Note Use the Mysql_connect function to access the database. Also note the query, which uses string concatenation to add $name parameters to the query.

There are two good alternatives to this technique: the PEAR DB module and the PHP Data Objects (PDO) class. Both provide abstractions from a specific database selection. As a result, your code can run on ibm®db2®, MySQL, PostgreSQL, or any other database you want to connect to without too much tweaking.

Another value of using the PEAR DB module and the PDO abstraction layer is that you can use it in SQL statements? Operator. Doing so makes SQL easier to maintain and allows your application to be protected from SQL injection attacks.

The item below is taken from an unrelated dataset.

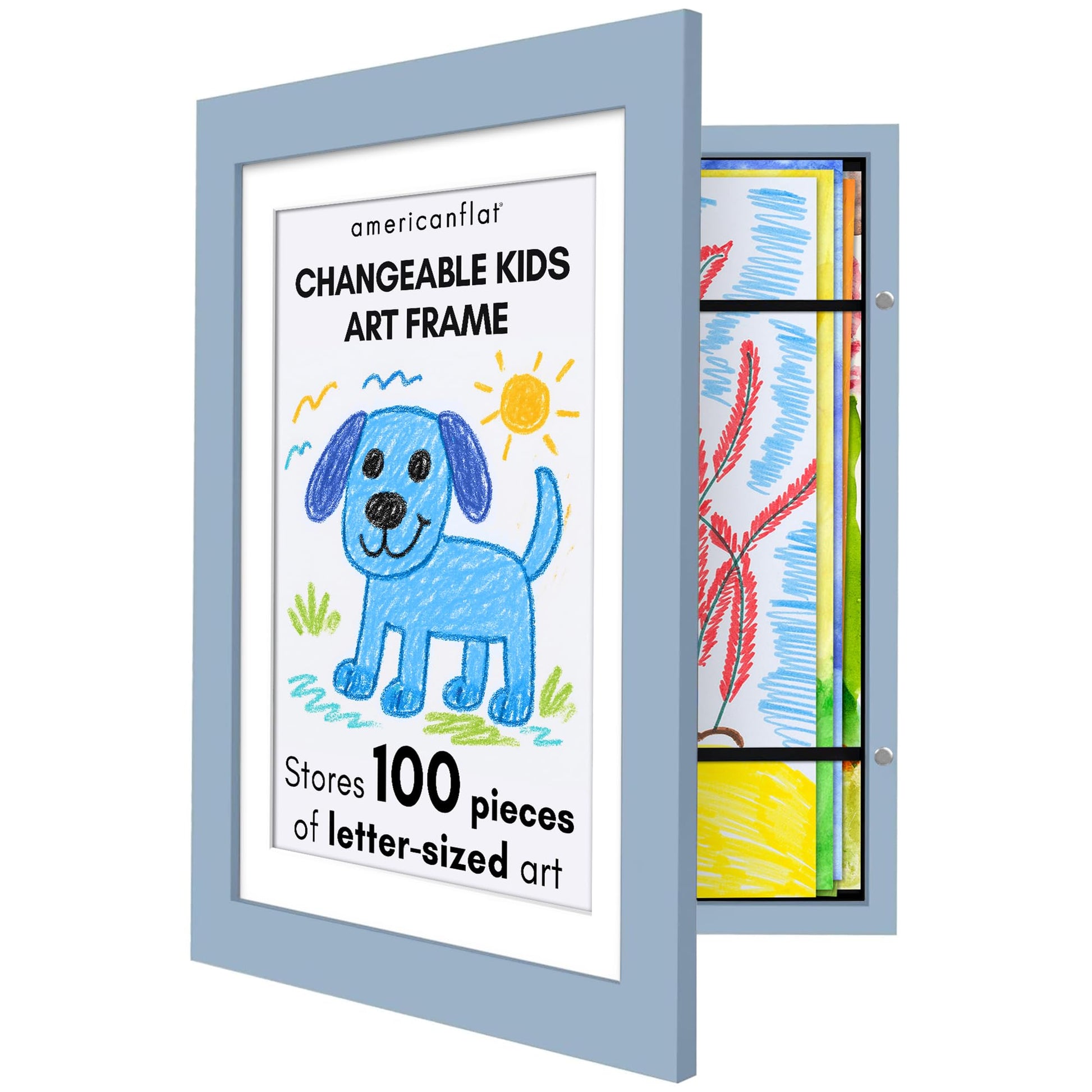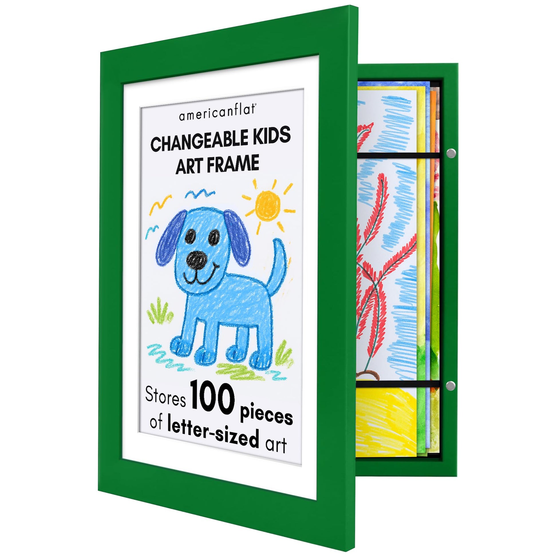 So easy to display artwork, pictures, notes, etc. just open the front display door, insert item into holding bands, and shut door. Love that you can easily change the displayed item as needed.
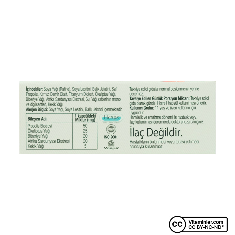 - Propolis ve pelargonium sidoides ekstresi ile desteklenmiştir.

The alternative code for using PEAR DB is shown below.

Listing 2. access/get_good.php

<?php

Require_once ("db.php");

function get_user_id ($name)

{

$dsn = ' mysql://root:password@localhost/users ';

$db =& db::connect ($DSN, Array ());

if (Pear::iserror ($db)) {die ($db->getmessage ());}

$res = $db->query (' SELECT ID from users WHERE login=? ')

Array ($name));

$id = null;

while ($res->fetchinto ($row)) {$id = $row [0];}

return $id;

}

Var_dump (get_user_id (' Jack '));

?>

Note that all the places that are used directly to MySQL are eliminated except for the database connection strings in the $DSN. Besides, we passed? The operator uses $name variables in SQL. The queried data is then sent in through the array at the end of the query () method.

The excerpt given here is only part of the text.